On 26 November 2016, the body of an Imam from Qayyarah city, south of Mosul, was brought to Qayyarah medical center. The body bore gunshot wounds to the head and the hands were tied. The Imam was abducted on 25 November in al-Qayyarah, in front of his house, by a group of armed men allegedly wearing Iraqi Army uniforms who arrived in three pick-up vehicles without plates or insignia
On 15 January 2017, a male body with gunshot wounds was found in Kokjali village in Bashiqa subdistrict of Mosul district. The identity of the victim and of the perpetrator as well as the reasons for his killing are not known.

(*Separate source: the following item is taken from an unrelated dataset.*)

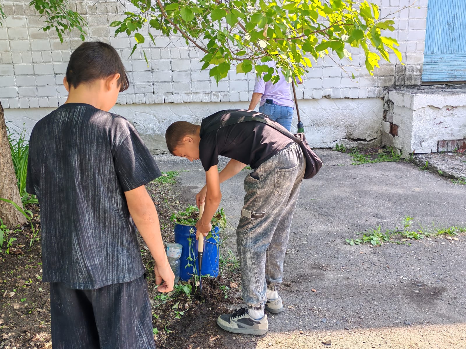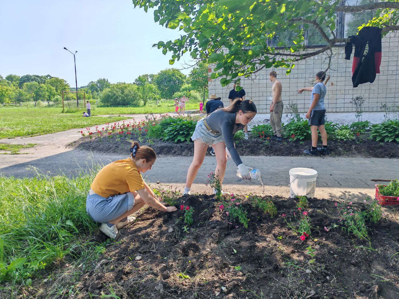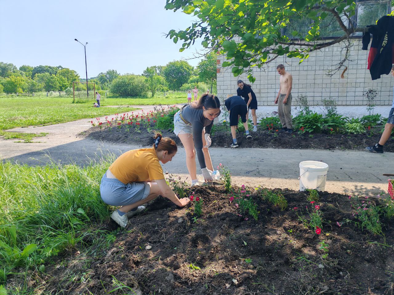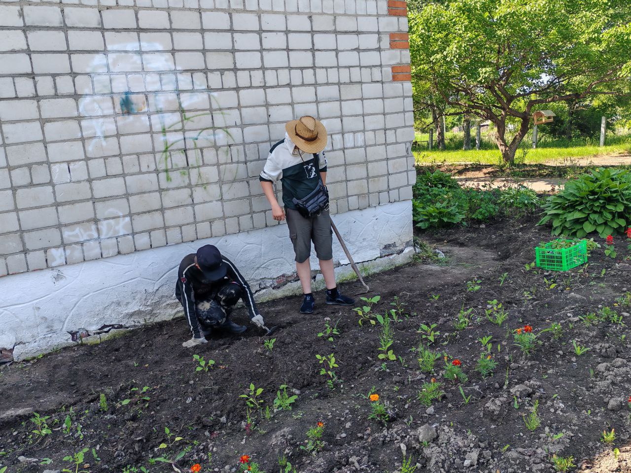 Ребята из агроклассов МБОУ СОШ № 4 с. Прохоры Спасского муниципального района и Пореченской школы Октябрьского муниципального округа занимаются благоустройством пришкольной территории.
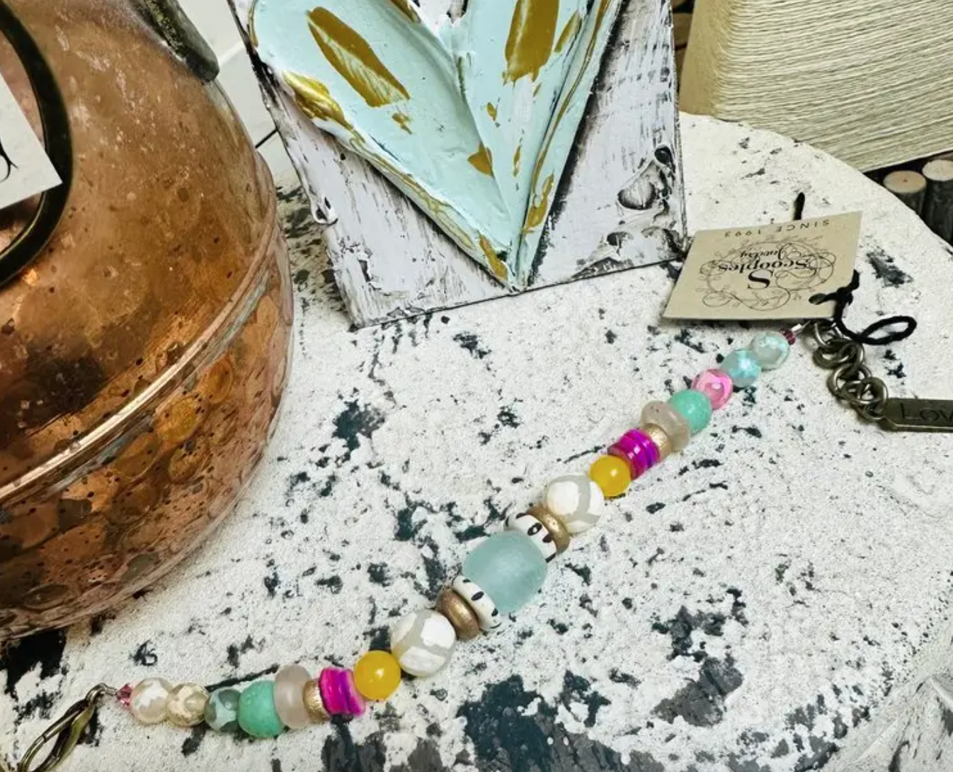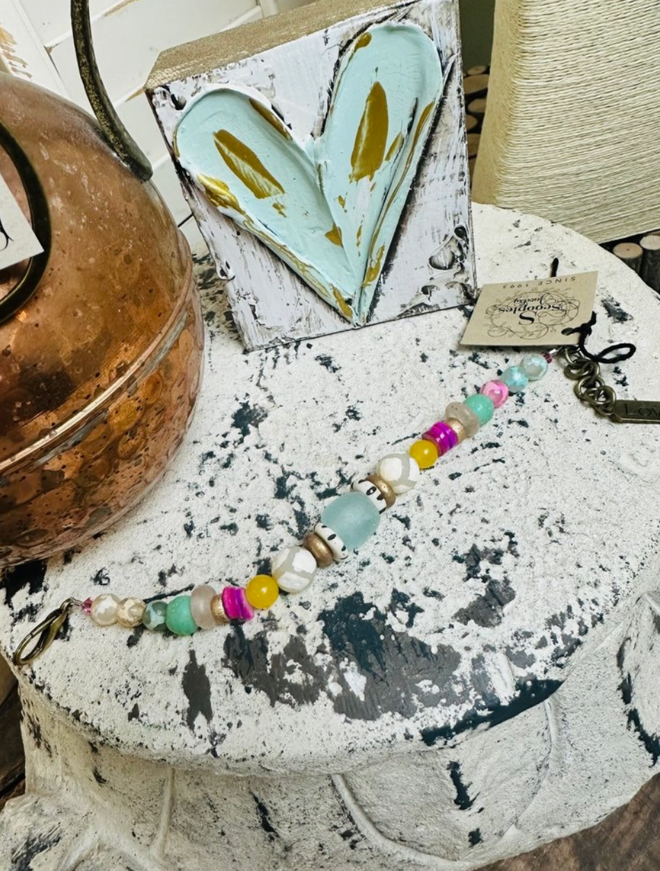 • Has Seaglass, shell beads, agate beads, dyed jade, gold wooden beads and the black and white bone bead that really gives it character.

Phase 3: the Battle for Western Mosul
After eastern Mosul was declared retaken by Prime Minister Al-Abadi on 24 January 2017, a lull in the fighting ensued in preparation for the offensive by ISF and associated forces to retake the western part of Mosul. On 19 February, ISF, including the 9th Division of Iraqi Army and Iraqi Federal Police and PMUs, commenced operations against ISIL in parts of western Mosul.
Incidents–such as suicide attacks and shelling–sporadically occurred in eastern Mosul after 19 February and their impact has been mentioned in this section.
The list of incidents presented below should be considered illustrative and not exhaustive.
3-A: Violations and abuses committed by ISIL
UNAMI/OHCHR documented instances of killings carried out by ISIL. In most of the cases the victims were accused by ISIL of cooperating with ISF. In one incident, ISIL killed civilians punishing them for an alleged attack they had carried out against the group.
In the afternoon of 2 March 2017, ISIL militants publicly shot and killed nine local civilian men in the courtyard of the General Hospital in Shifaa neighbourhood in western Mosul. The victims were accused by ISIL of providing intelligence to ISF.
On 5 April, ISIL publicly burnt three civilian men to death in the ISIL-controlled 17 Tamouz neighbourhood of western Mosul. The victims were accused of cooperation with ISF and they had reportedly been abducted by ISIL from their homes one hour before being killed.
In what appeared to be a new tactic, ISIL members disguised as ISF killed and abducted civilians who greeted them as liberators. For instance, in the morning of 24 April, ISIL members in a black military vehicle and wearing combat uniforms similar to those of the Iraqi Federal Police, arrived in the ISIL-controlled al-Maydan neighbourhood in western Mosul. Local civilians came out to welcome them believing that they were ISF come to liberate the area. The ISIL members then opened fire, killing 17 of them, including six women and three children. ISIL also abducted nine civilian men.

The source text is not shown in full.